The literature has thus far been inconclusive as to the best combination for preventing thromboembolic events. A 2009 systematic review by Glotzbecker et al⁹ compiled data from 25 eligible articles to report on the incidence of thromboembolic disease in postoperative spine patients. Of the 9485 reported patients, they reported a DVT risk ranging from 0.3% to 31% with an overall rate of 2.1%. The study included compression devices, chemical anticoagulants, IVC filters, chemical anticoagulants, and no prophylaxis. They concluded that it is reasonable to use compression stockings as well as other compression devices to reduce the risk of DVT after spine surgery. However, because the overall risk is quite low to begin with, there is insufficient evidence to speak about the efficiency of chemical prophylaxis to reduce the risk of DVT.

Strom et al⁴⁷ published a 5-year retrospective study composed of patients undergoing both cervical and lumbar decompressive laminectomies from 2007 to 2011. The primary goal of this study was to assess the safety of LMWH when started 24 to 36 hours after degenerative spine surgery. They explained that this specific patient group was chosen because of the lack of VTE data on patients with an exposed thecal sac. Of the 367 patients included, 14 had thromboembolic complications. Comparing VTE rates of patients receiving LMWH and literature collected rates for patients receiving unfractionated heparin, this article describes LMWH as a better and more predictable prophylactic agent between the 2 and LMWH combined with mechanical prophylaxis is more effective than one alone. None of the 367 patients experienced an epidural hematoma, however, with a 0.7% hemorrhage rate, they concluded that a 24- to 36- hour delay of administration may allow sufficient hemostasis while also allowing the early prophylactic benefits. The study had an average 3-year follow-up; however, it was limited by the lack of a control group. It is for this reason that much of the literature is still inconclusive, and a prospective, controlled study is still needed.

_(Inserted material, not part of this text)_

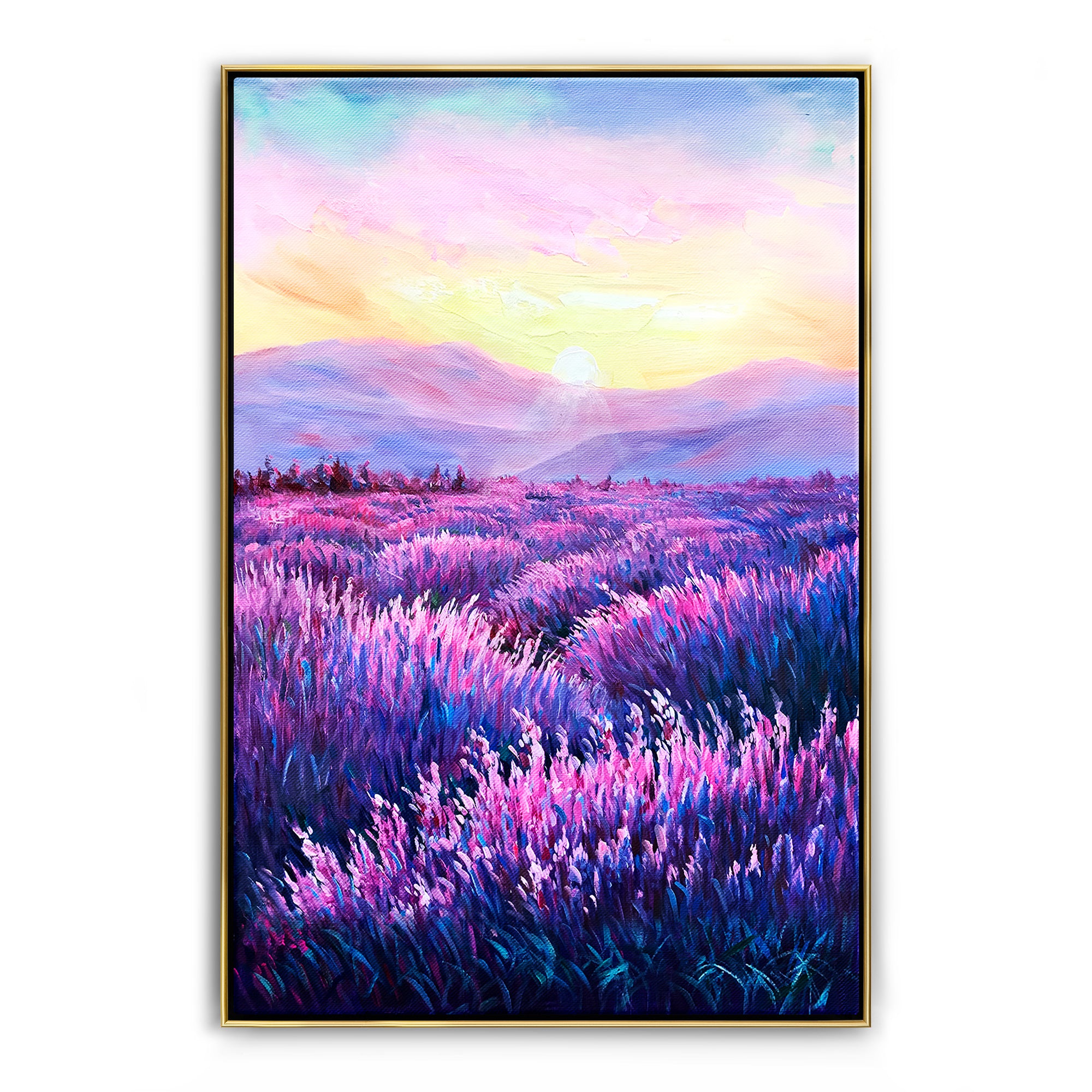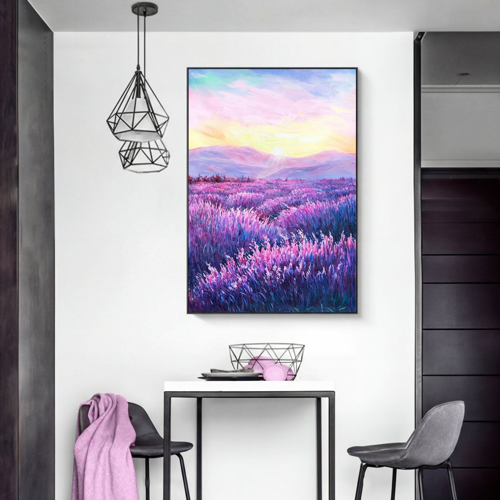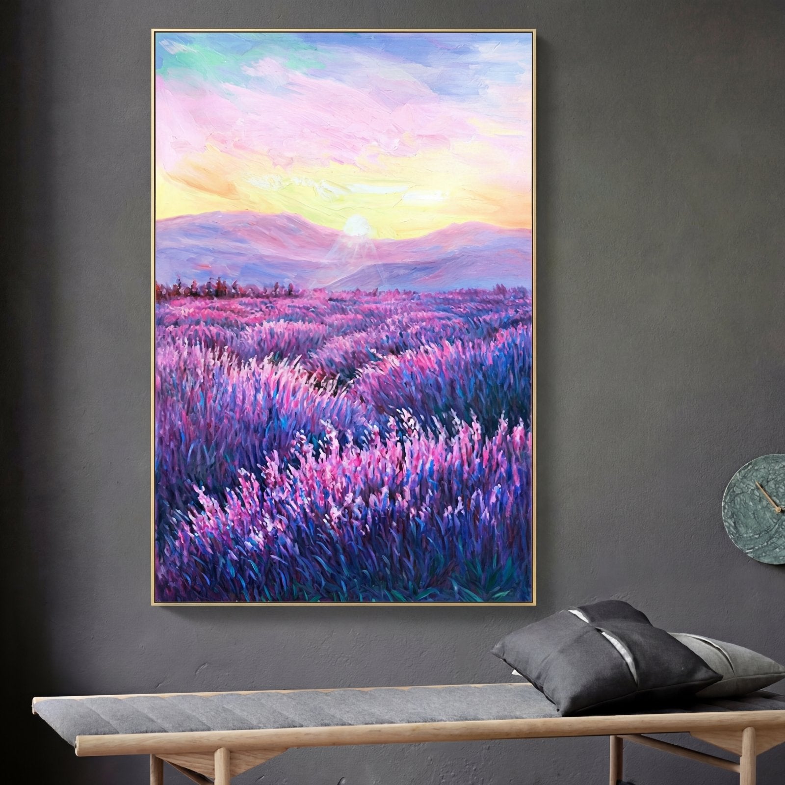 Simultáneamente relajante y acogedora, esta nueva obra de arte hecha a mano con campos de lavanda le da un nuevo significado al color púrpura. Una composición impresionante y un maravilloso paisaje de nubes te llevan más lejos para explorar lo que hay más allá.

Timing of administration has been proposed in the literature as one aspect of care that may be just as important as the method of prophylaxis itself. Cox et al¹⁰ performed a study reporting on institutional practices for VTE prophylaxis by looking at VTE rates before and after a protocol change. They included 941 patients who underwent spine surgery in the preprotocol group. Of which, 25 had DVT, 6 had PE, and 6 had postoperative epidural hematoma. The new protocol consisted of 5000 U heparin administered subcutaneously 3 times daily, with the first dose given immediately postoperatively, compared with the old protocol of provider-dependent prophylaxis administration at least 24 hours after operation. This group included 992 patients, 10 had DVT, 5 had PE, and 4 had epidural hematoma. The reduction in DVT was found to be statistically significant allowing this group to conclude that an early aggressive utilization of heparin 5000 U in the early postoperative period after spine surgery decreases VTE incidence without increasing morbidity.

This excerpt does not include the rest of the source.